┌─ Material for this exercise

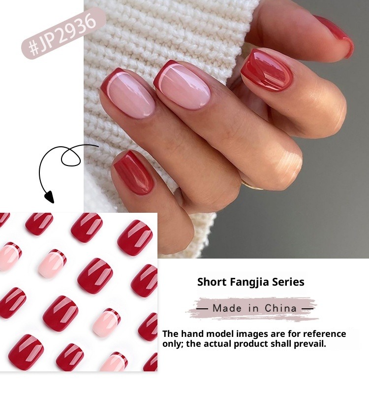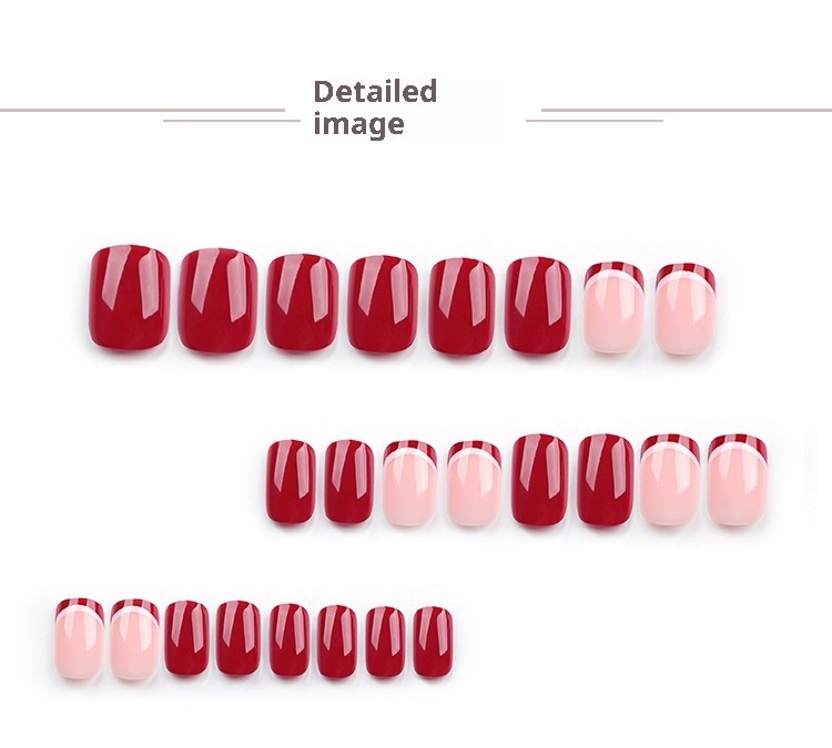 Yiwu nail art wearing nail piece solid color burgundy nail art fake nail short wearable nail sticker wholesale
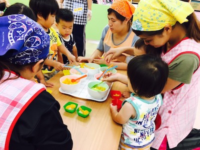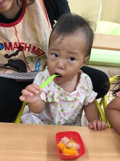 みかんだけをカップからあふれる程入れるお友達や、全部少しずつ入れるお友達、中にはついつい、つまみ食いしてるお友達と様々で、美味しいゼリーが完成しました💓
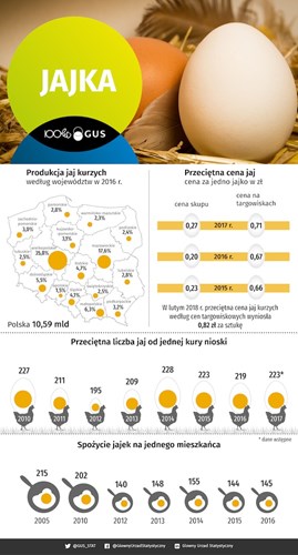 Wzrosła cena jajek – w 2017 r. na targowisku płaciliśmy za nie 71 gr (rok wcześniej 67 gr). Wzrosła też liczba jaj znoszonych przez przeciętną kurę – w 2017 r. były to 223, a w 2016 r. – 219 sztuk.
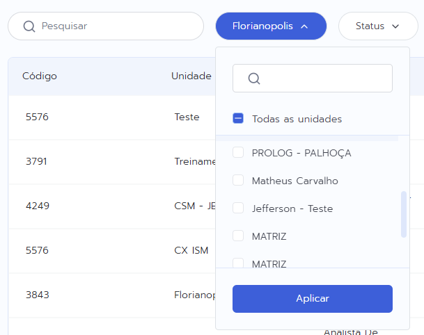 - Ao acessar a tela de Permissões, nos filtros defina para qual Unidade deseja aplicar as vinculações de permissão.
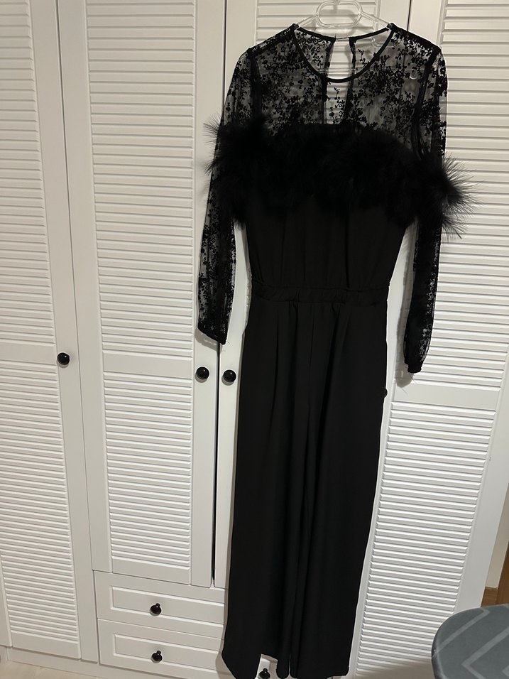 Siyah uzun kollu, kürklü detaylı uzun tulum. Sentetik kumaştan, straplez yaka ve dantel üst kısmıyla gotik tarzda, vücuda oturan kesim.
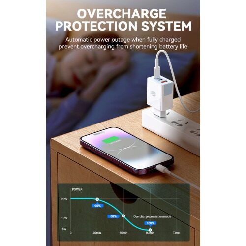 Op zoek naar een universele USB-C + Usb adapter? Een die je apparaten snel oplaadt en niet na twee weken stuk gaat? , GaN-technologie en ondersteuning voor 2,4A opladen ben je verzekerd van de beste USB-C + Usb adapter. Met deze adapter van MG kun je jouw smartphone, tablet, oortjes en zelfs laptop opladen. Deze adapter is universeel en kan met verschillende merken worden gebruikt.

└─

• [Assignment]: Each record above should be retyped exactly, with no pictures carried over.

• [Solution for this task]:
 Yiwu nail art wearing nail piece solid color burgundy nail art fake nail short wearable nail sticker wholesale
 みかんだけをカップからあふれる程入れるお友達や、全部少しずつ入れるお友達、中にはついつい、つまみ食いしてるお友達と様々で、美味しいゼリーが完成しました💓
 Wzrosła cena jajek – w 2017 r. na targowisku płaciliśmy za nie 71 gr (rok wcześniej 67 gr). Wzrosła też liczba jaj znoszonych przez przeciętną kurę – w 2017 r. były to 223, a w 2016 r. – 219 sztuk.
 - Ao acessar a tela de Permissões, nos filtros defina para qual Unidade deseja aplicar as vinculações de permissão.
 Siyah uzun kollu, kürklü detaylı uzun tulum. Sentetik kumaştan, straplez yaka ve dantel üst kısmıyla gotik tarzda, vücuda oturan kesim.
 Op zoek naar een universele USB-C + Usb adapter? Een die je apparaten snel oplaadt en niet na twee weken stuk gaat? , GaN-technologie en ondersteuning voor 2,4A opladen ben je verzekerd van de beste USB-C + Usb adapter. Met deze adapter van MG kun je jouw smartphone, tablet, oortjes en zelfs laptop opladen. Deze adapter is universeel en kan met verschillende merken worden gebruikt.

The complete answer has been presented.